Noting that “attacks on civilian targets have become a feature of Israel’s military engagement in the Gaza Strip,” Al Mezan added that such attacks “must not become normalised”.

Meanwhile, the World Health Organization has reiterated its call for the protection of health workers, patients and health facilities following the killing of a medic during the August 10 Great March of Return protests.

Abdallah al-Qatati, 22, was a volunteer medic providing care to a 55-year-old man who had been shot when he too came under fire.

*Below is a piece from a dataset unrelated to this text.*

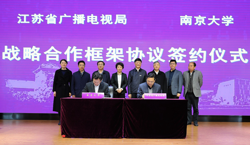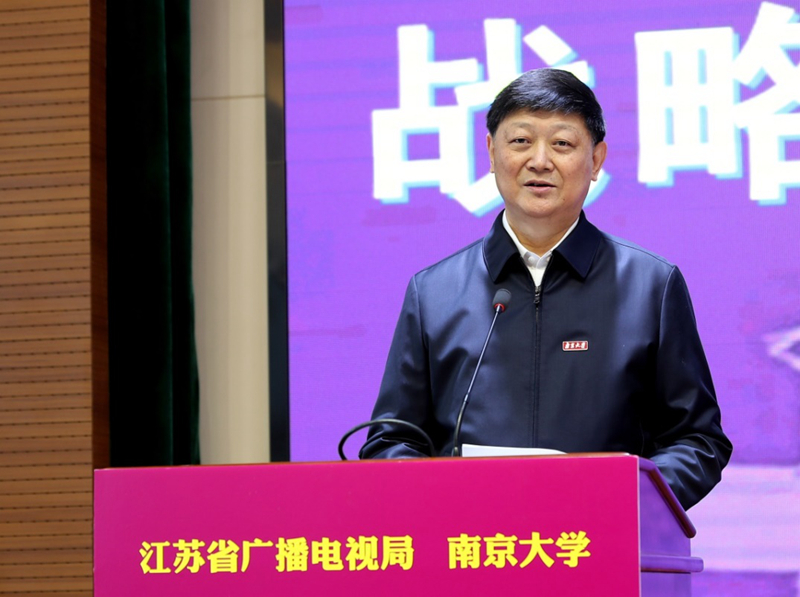 战略合作框架协议签约仪式在我校鼓楼校区举行。双方将在人才交流培养、高端智库打造、精品创作生产、媒体融合发展、基地(园区)建设等方面全方位深化交流合作,加快推动江苏广播电视和网络视听行业高质量创新性发展。校党委书记胡金波,江苏省广播电视局党组书记、局长缪志红出席仪式并致辞。校党委常委、副校长邹亚军,校党委常委、党委办公室主任、组织部长、统战部长王明生,省广播电视局党组成员、副局长吴以桥,省广播电视局党组成员、副局长尹晓平参加仪式。仪式由省广播电视局党组成员、副局长于国民主持。

Both al-Qatati and the injured patient he was treating, Ali Said al-Aloul, died from their injuries.

The third medic killed during the Great March of Return demonstrations, al-Qatati was in the final year of his psychology degree at a Gaza City university.

Since January he had been volunteering with Nabd al-Hayat (Pulse of Life), providing first aid training and mental health and psychosocial support around Rafah in southern Gaza, according to the World Health Organization.

Al-Qatati and Nabd al-Hayat had been volunteering as first responders since the outset of the Great March of Return demonstrations.

He “liked to be photographed in his white coat, and his colleagues say he was proud of the work he was doing and the service he could offer to his community”, the World Health Organisation said.